For scholars today, it is much more difficult to find and study records on the daily lives of people in the 17th and 18th centuries, especially groups like women, enslaved people, and Indigenous people. The good news, Sniffin-Marinoff said, is that digitization of materials makes the records that do exist much more accessible.

“One of the great benefits of this project is that we were able to bring to the surface some of these things that were hidden or not easily accessible,” she said. “The more you dig into these materials, while you’re not going to find the words of an enslaved person, there’s evidence of them, their lives and their work.”

Stephen Curley, the director of digital archives at the National Native American Boarding School Healing Coalition, knows the importance of digitizing diverse materials. His organization is working to digitize and centralize archives from several hundred 19th- to 20th-century boarding schools for Native American children.

In his previous role as archivist for the Mashpee Wampanoag tribe, Curley worked with Harvard curators adding context to materials related to Wampanoag people in the Colonial North America collection. 

A 1753 letter to the Harvard Corporation about a recently deceased pastor, from representatives of Indigenous people in Natick, Massachusetts.

Correspondance.

“These more-obscure pieces of primary source material need to be examined,” Curley said during a panel at the virtual symposium. “Digitization is a vehicle for ensuring we have time to examine niche pieces of history that add to mainstream historiographies and sometimes complicate our history of what’s been written.”

But with every opportunity comes questions and challenges.
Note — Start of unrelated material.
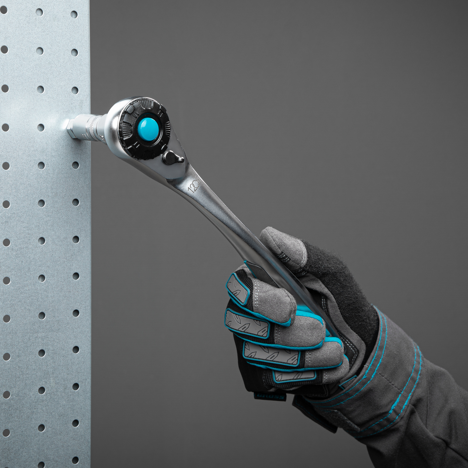 - Удобная работа в труднодоступных местах — цельнокованая трещотка со 120 зубьями позволяет вращать крепеж максимально плавно и мягко.

Digitizing materials by and about underrepresented groups can be empowering for these groups, Curley said, but only if they’re included in the process and have a say in whether some materials should not be publicly available online.

Vincent Brown, the Charles Warren Professor of History and Professor of African and African American Studies at Harvard, noted that archival context is important, and can be easy to lose with digital materials.
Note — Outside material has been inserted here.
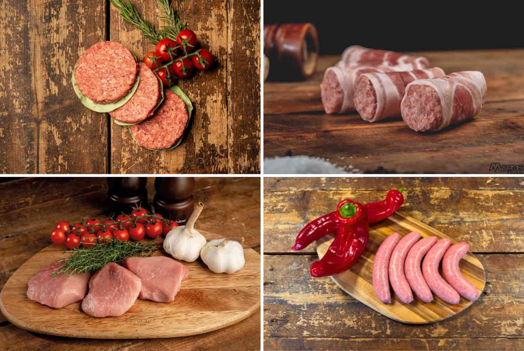4 hamburgers, 4 slavinken, 4 varkens saucijzen, 4 varkens oesters

At the symposium, Brown said that “there is virtue in looking through archives and seeing what items are adjacent to each other,” as well as thinking about why and how they were placed where they are.

“Sometimes using a keyword search doesn’t tell you any of those things,” he said. “How are we going to train people to ask questions of these materials that will make them as informative and accessible as they need to be?”
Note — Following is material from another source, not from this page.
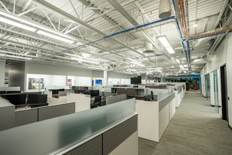 The new FUSE building, now the third on a corporate campus (aka, “the GRID”), is a 70,000-sq.ft., 3-story facility that incorporates a variety of space types and functions such as open plan and enclosed offices, conference rooms, a lighting and control showroom, film/video studio, logistics, and food service spaces accommodating the company’s recent increased employee population.

 As they ponder this question, Harvard’s archivists are doing ongoing work to make the digitized materials usable by as many people as possible.

Creating the curated website with users in mind was a huge first step, said Sniffin-Marinoff. Now they are working to improve accessibility by transcribing a selection of the collection’s written materials. The transcribed texts will also serve to automate handwriting recognition in the future, further expanding accessibility.

Associate University archivist for community outreach Ross Mulcare is also eager to engage a variety of communities with the digital “Worlds of Change” collection. He is working on creative ways to connect collection materials with students, scholars, and researchers around the world.

“All of the complexities of early American history are represented in the ‘Worlds of Change’ materials,” Mulcare said. “Analyzing and explaining those complexities is the task of researchers of all types and all perspectives, and I’m excited to see what new insights into the period are generated from these materials.”

Sniffin-Marinoff agreed.

“This period was far more complex than most of us learned about in high school,” she said, “and that is becoming clearer the more historians dig into collections like this one. I think this is part of a turning point to completely reassess this period in American history.”